(Damas) Le président iranien Ebrahim Raïssi a estimé mercredi à Damas que la Syrie de Bachar al-Assad avait « remporté la victoire », dans un pays déchiré par une guerre civile depuis 12 ans et dont Téhéran est l’un des principaux alliés.

M. Raïssi s’exprimait à l’occasion de la première visite en Syrie d’un président iranien depuis 2010, dans un contexte de réchauffement diplomatique dans la région.

« Le gouvernement et le peuple syriens ont traversé de grandes difficultés, et aujourd’hui, nous pouvons dire que vous avez surmonté tous ces problèmes et remporté la victoire malgré les menaces et les sanctions qui vous ont été imposées », a déclaré M. Raïssi lors d’une rencontre avec M. Assad.  

Le président Assad a de son côté estimé que « durant les périodes difficiles », les relations syro-iraniennes étaient « stables et constantes, malgré les graves tempêtes politiques et sécuritaires qui ont frappé le Moyen-Orient ».

« Quand la guerre contre la Syrie a été déclenchée il y a 12 ans, l’Iran n’a pas hésité à offrir un soutien économique et politique total et même à offrir de son sang », a-t-il ajouté.

Grâce à ses alliés russes et iraniens, le régime syrien contrôle aujourd’hui la majorité des territoires perdus depuis le début du conflit en 2011. En dépit d’une nette baisse de l’intensité des combats depuis 2019, les armes ne se sont pas totalement tues.

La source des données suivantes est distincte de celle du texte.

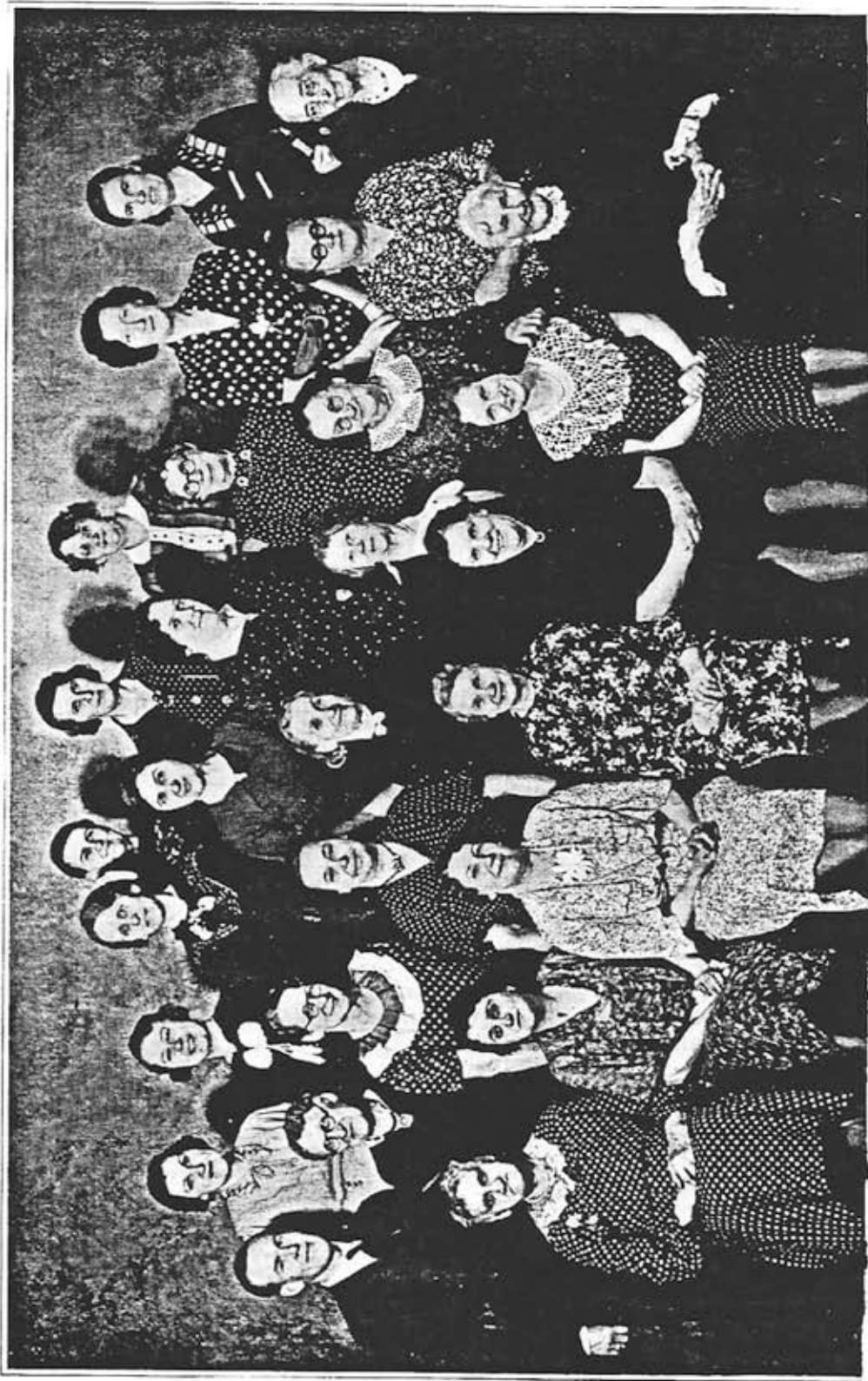
1937 (50th anniversary) WOMEN'S FELLOWSHIP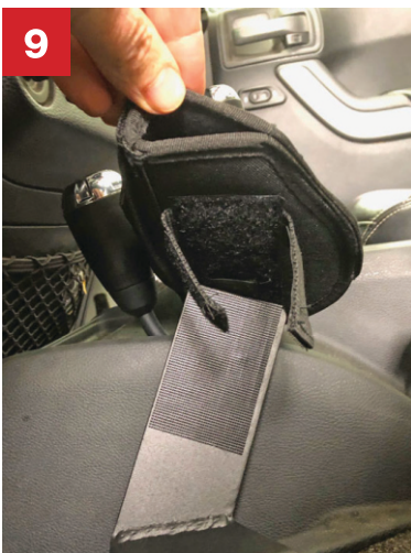
9 To install the T3 Holster, slide the back flap down along the center console side of the T3 Pistol Mount and press against the outer hook & loop pad and wrap the two smaller flaps around and press to lock their hook & loop pads firmly securing the holster to the T3 Pistol Mount.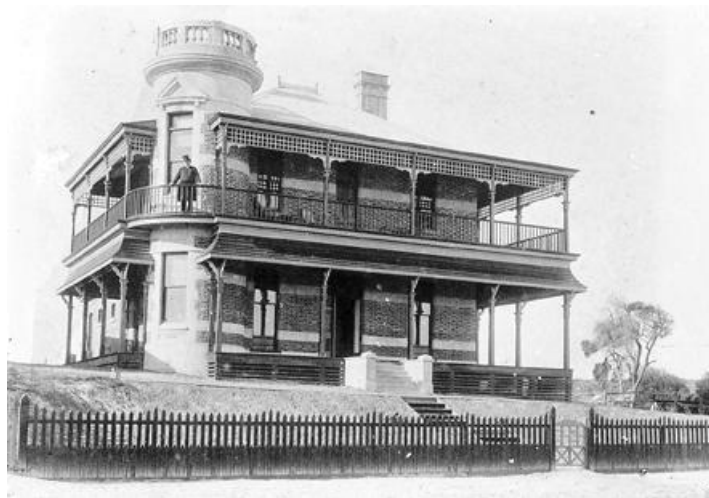
Bishop's Palace at Geraldton, built in 1900 for Bishop W.B. Kelly (Diocese of Geraldton)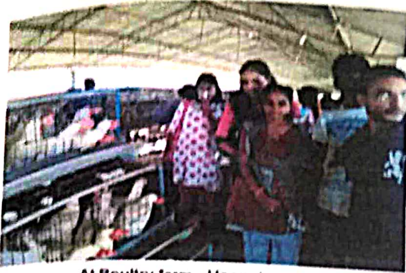
At Poultry farm -Hospet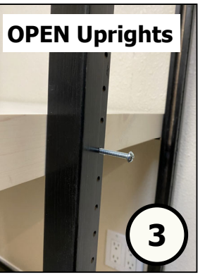
With OPEN uprights, you will insert four 2 1/2" bolts from the opposite sides of the uprights.

La visite de M. Raïssi, accompagné du chef de la diplomatie et de cinq autres ministres iraniens, se déroule sur fond de dégel des relations entre deux poids lourds du Moyen-Orient, l’Arabie saoudite et l’Iran.

Et selon les médias officiels, les deux présidents ont signé un protocole d’accord pour un plan de coopération stratégique dans plusieurs domaines, notamment l’agriculture, les chemins de fer, l’aviation civile, le pétrole et les zones franches.

Sayyida Zeinab

Le président iranien s’est également rendu au tombeau de Sayyida Zeinab, lieu de pèlerinage chiite important, dans la banlieue sud-est de Damas, où il a été accueilli au milieu de youyous et de chants en langues arabe et persane.

« La Syrie a résisté pendant douze ans et a gagné, et aujourd’hui nous célébrons la victoire ensemble près du sanctuaire de Sayyida Zeinab », a-t-il clamé devant une foule importante.

La relation entre l’Iran et la Syrie « n’est pas seulement une relation politique et diplomatique, mais aussi une relation de cœur entre deux nations et une relation stratégique entre deux gouvernements ».

M. Raïssi a en outre salué les familles de combattants prorégime « morts en martyr » présents sur place, selon la chaîne du Hezbollah libanais pro-iranien, Al-Manar.

Dès le début du conflit en 2011, Téhéran a envoyé des militaires présentés comme des conseillers, en soutien à l’armée syrienne. Plusieurs d’entre eux ont été tués dans des frappes israéliennes.

L’Iran soutient des groupes étrangers, comme le Hezbollah, qui ont combattu aux côtés des forces gouvernementales syriennes.  

« Reconstruction »

Le porte-parole du gouvernement iranien, Ali Bahadori Jahromi, a affirmé que ce voyage revêtait une « importance stratégique » pour les deux pays et que son objectif était d’ordre « économique ».

Depuis 2013, l’Iran a aussi ouvert des lignes de crédit notamment pour garantir les besoins en pétrole de la Syrie, frappée par un embargo international.

Damas et Téhéran ont en outre signé des accords bilatéraux début 2019 dans plusieurs domaines, dont l’un portant sur l’inauguration de nouveaux ports dans les villes syriennes de Lattaquié et Tartous.

« La partie iranienne s’est fortement présentée comme un contributeur à la phase de reconstruction », a expliqué à l’AFP l’analyste politique syrien Oussama Dannoura.

Le rapprochement inattendu entre l’Arabie saoudite et l’Iran bénéficie au président Assad, qui s’efforce de mettre fin à plus d’une décennie d’isolement diplomatique. Plusieurs capitales arabes longtemps hostiles au régime de Damas, notamment Riyad, ont récemment renoué avec lui, en particulier après le tremblement de terre dévastateur de février.

La visite de M. Raïssi « est devenue plus adéquate après la réconciliation saoudo-iranienne » qui « a eu un impact sur tous les foyers de tension existant encore » dans la région, souligne Oussama Dannoura.

Le dernier président iranien à s’être rendu à Damas est Mahmoud Ahmadinejad, en septembre 2010, avant la guerre en Syrie qui a fait plus d’un demi-million de morts.

M. Assad s’était lui rendu en Iran en mai 2022, pour la deuxième fois depuis le début de la guerre.